• PROBLEM REQUIREMENTS: Copy the records below exactly, starting at the line that contains "2019年11月20日,国家" and ending at the line that contains "KNMASTER KNTAG 1C, Apple"; leave out any pictures.

• SUPPLIED RECORDS:
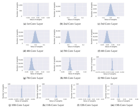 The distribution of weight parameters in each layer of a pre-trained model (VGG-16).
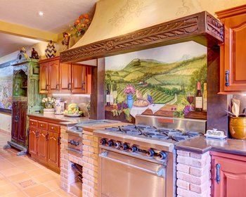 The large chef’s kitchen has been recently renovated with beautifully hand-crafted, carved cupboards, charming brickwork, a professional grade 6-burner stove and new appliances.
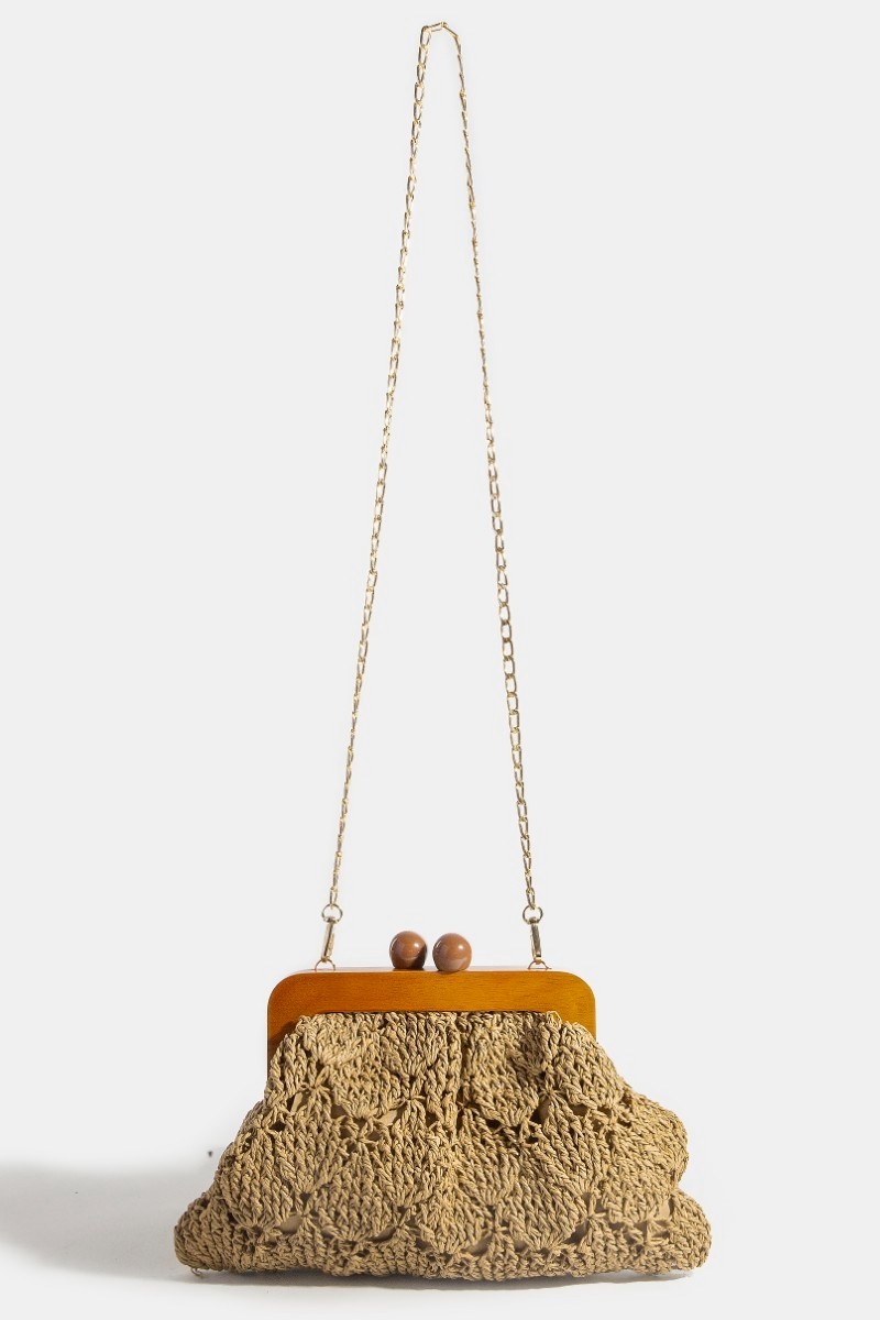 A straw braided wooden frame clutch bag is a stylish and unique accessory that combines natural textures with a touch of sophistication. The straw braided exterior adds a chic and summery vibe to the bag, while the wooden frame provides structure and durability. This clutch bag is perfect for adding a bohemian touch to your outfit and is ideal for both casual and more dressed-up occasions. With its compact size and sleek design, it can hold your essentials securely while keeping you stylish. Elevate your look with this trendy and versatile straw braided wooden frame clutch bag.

==

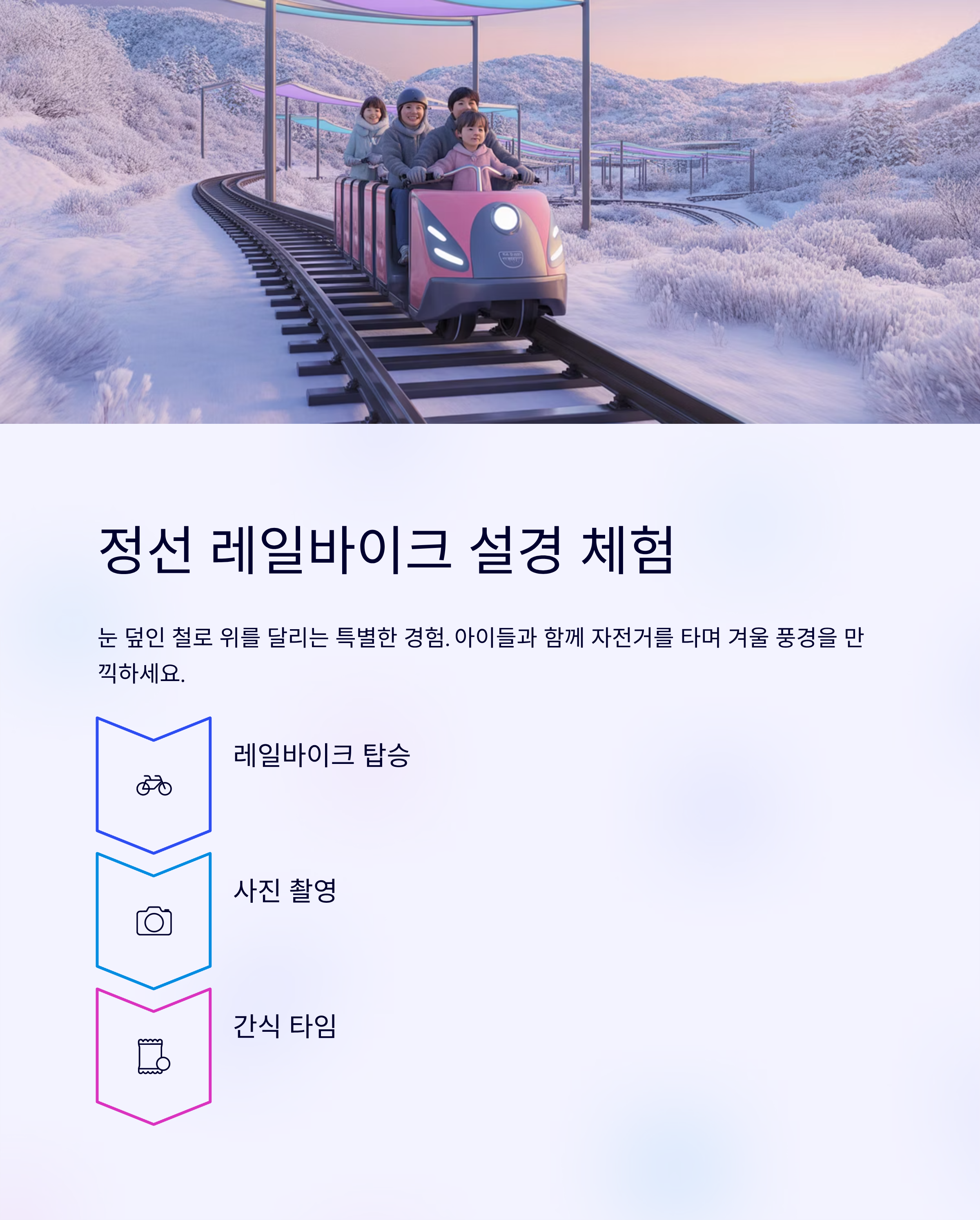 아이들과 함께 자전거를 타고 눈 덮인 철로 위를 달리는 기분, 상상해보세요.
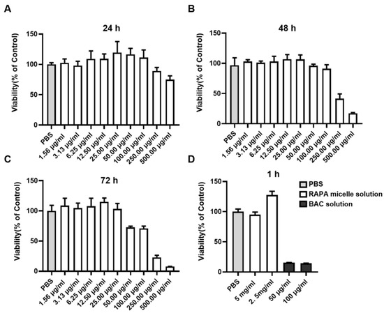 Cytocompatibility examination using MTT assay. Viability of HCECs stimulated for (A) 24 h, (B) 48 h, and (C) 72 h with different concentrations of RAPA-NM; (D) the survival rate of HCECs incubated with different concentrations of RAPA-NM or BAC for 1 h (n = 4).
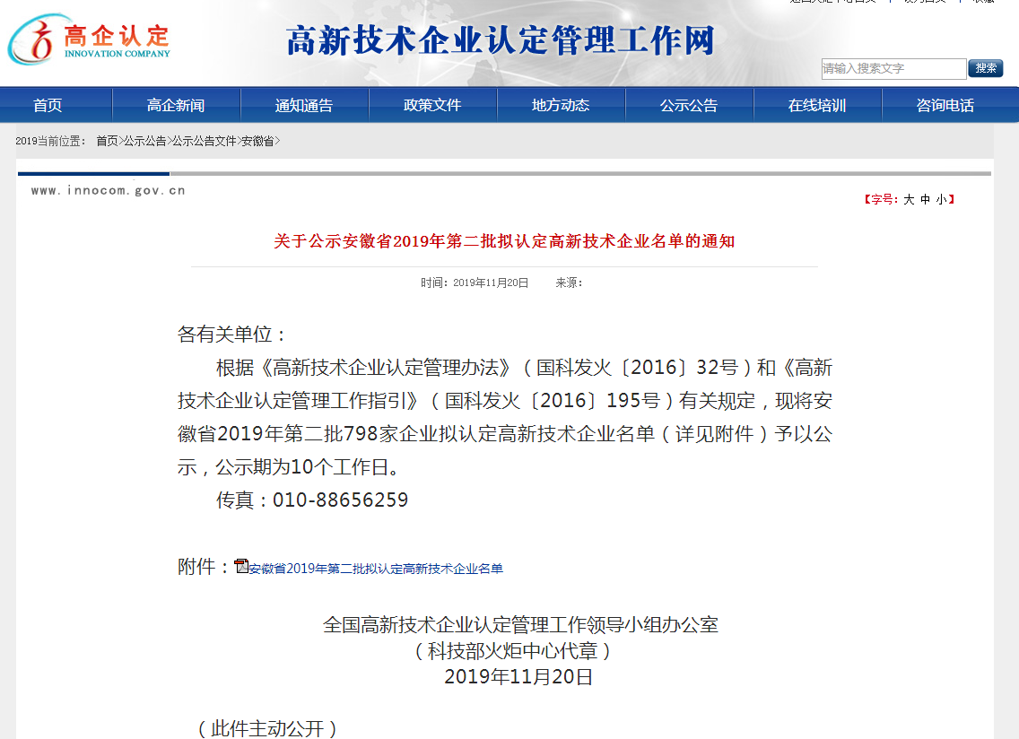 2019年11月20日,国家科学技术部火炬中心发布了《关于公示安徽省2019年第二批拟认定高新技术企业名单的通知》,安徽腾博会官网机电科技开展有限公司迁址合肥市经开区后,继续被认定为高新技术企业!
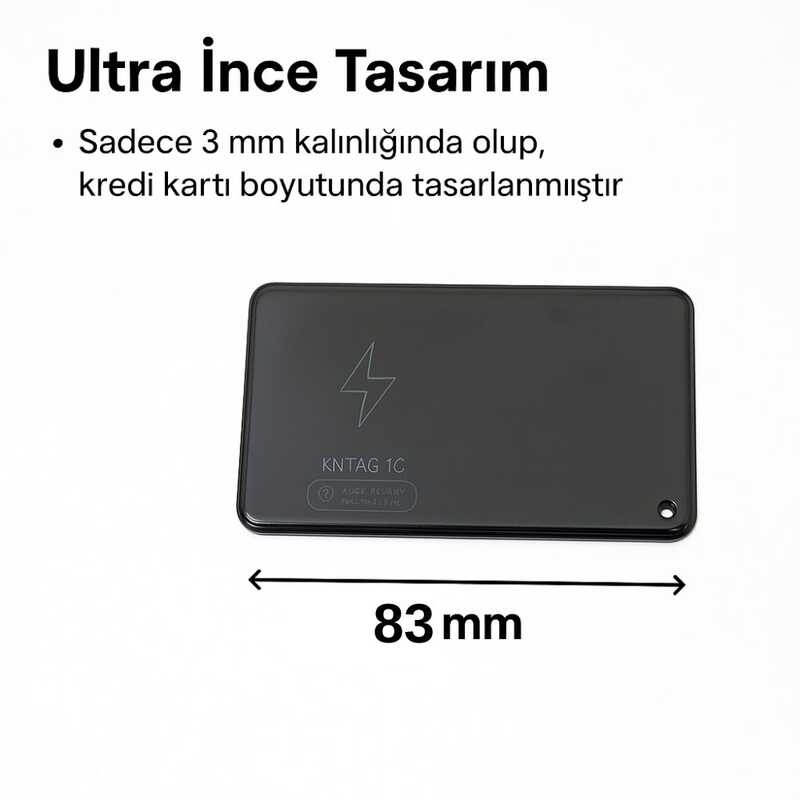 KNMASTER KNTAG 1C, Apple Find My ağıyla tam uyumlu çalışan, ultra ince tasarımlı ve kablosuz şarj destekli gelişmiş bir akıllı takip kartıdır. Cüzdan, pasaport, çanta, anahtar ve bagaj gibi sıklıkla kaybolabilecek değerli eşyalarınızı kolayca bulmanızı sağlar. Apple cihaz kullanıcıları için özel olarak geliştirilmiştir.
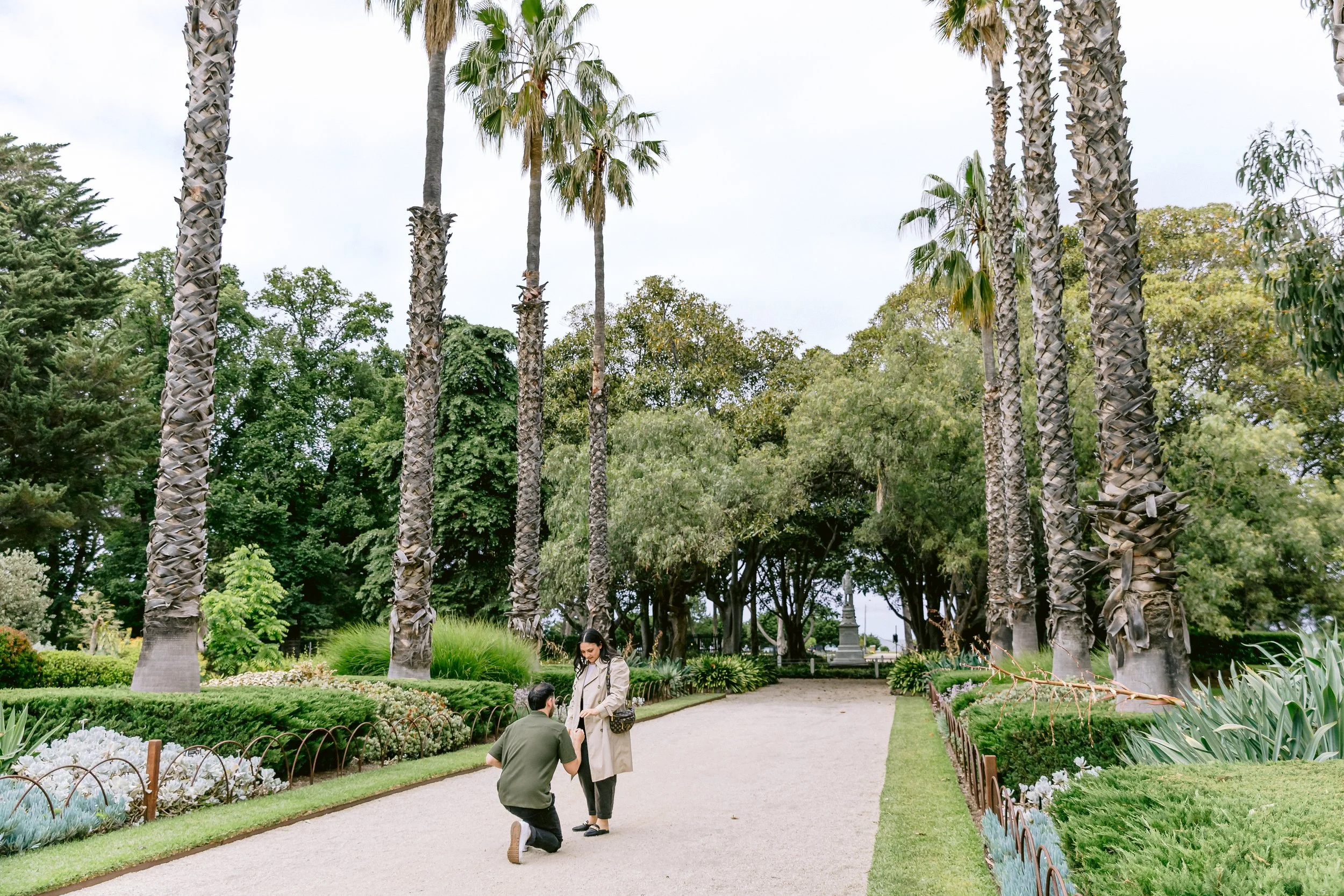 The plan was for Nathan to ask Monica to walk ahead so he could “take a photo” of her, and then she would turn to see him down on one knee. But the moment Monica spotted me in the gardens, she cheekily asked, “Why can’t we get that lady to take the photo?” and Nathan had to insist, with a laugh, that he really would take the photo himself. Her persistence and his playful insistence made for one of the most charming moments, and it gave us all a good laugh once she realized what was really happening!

* * *

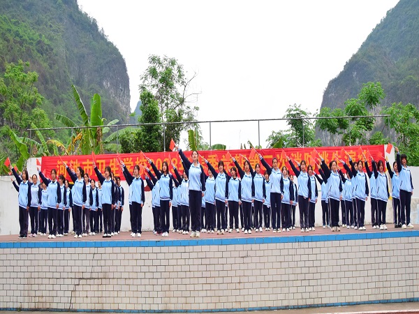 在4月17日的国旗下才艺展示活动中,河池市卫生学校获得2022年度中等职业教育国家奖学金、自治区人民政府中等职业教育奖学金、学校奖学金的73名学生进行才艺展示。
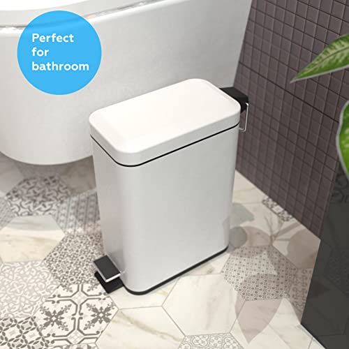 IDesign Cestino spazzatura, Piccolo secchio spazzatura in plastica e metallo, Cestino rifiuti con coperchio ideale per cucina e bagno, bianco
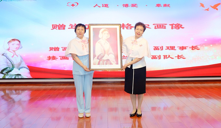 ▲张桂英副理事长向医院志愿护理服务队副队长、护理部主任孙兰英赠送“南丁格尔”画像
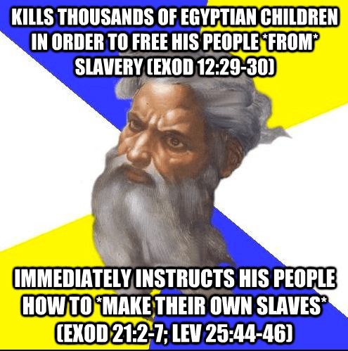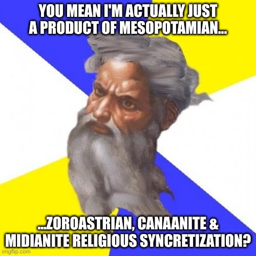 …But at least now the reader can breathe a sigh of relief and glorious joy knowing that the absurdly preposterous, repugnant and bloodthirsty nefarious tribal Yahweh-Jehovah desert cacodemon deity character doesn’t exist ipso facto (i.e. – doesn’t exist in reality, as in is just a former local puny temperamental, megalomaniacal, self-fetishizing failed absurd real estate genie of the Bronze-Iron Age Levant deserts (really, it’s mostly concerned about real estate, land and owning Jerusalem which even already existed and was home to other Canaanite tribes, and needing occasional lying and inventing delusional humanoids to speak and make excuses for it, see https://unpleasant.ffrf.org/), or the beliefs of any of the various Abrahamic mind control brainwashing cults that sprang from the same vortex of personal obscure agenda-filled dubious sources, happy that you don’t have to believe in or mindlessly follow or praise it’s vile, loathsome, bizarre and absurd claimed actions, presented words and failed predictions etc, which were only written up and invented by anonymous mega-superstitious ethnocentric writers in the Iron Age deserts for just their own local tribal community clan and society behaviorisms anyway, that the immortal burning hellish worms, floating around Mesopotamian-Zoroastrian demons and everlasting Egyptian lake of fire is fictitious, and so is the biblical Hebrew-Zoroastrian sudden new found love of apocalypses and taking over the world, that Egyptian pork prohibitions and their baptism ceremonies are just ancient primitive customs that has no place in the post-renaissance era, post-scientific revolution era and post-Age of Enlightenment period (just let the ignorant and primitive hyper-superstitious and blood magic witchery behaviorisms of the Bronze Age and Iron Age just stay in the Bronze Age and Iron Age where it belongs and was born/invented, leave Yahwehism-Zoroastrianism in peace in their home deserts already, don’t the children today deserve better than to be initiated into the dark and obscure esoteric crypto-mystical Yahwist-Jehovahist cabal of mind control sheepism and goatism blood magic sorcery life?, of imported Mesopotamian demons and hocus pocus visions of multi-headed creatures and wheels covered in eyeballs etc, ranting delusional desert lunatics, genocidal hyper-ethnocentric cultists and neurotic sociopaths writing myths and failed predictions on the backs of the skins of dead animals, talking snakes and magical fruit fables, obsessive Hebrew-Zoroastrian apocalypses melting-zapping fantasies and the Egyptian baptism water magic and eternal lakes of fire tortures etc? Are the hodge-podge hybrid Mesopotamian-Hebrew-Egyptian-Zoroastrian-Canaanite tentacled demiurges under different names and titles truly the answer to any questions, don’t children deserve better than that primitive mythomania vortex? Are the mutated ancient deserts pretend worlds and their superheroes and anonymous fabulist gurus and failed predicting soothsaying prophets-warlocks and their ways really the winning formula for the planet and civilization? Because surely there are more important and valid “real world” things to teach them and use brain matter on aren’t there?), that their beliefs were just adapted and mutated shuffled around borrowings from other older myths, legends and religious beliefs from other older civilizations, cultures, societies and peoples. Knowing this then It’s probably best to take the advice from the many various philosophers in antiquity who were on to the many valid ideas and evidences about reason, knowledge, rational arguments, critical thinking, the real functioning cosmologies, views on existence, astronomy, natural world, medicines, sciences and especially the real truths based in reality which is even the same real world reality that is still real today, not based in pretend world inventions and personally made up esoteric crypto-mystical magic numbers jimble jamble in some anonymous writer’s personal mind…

• ANSWER AREA:
 2019年11月20日,国家科学技术部火炬中心发布了《关于公示安徽省2019年第二批拟认定高新技术企业名单的通知》,安徽腾博会官网机电科技开展有限公司迁址合肥市经开区后,继续被认定为高新技术企业!
 KNMASTER KNTAG 1C, Apple Find My ağıyla tam uyumlu çalışan, ultra ince tasarımlı ve kablosuz şarj destekli gelişmiş bir akıllı takip kartıdır. Cüzdan, pasaport, çanta, anahtar ve bagaj gibi sıklıkla kaybolabilecek değerli eşyalarınızı kolayca bulmanızı sağlar. Apple cihaz kullanıcıları için özel olarak geliştirilmiştir.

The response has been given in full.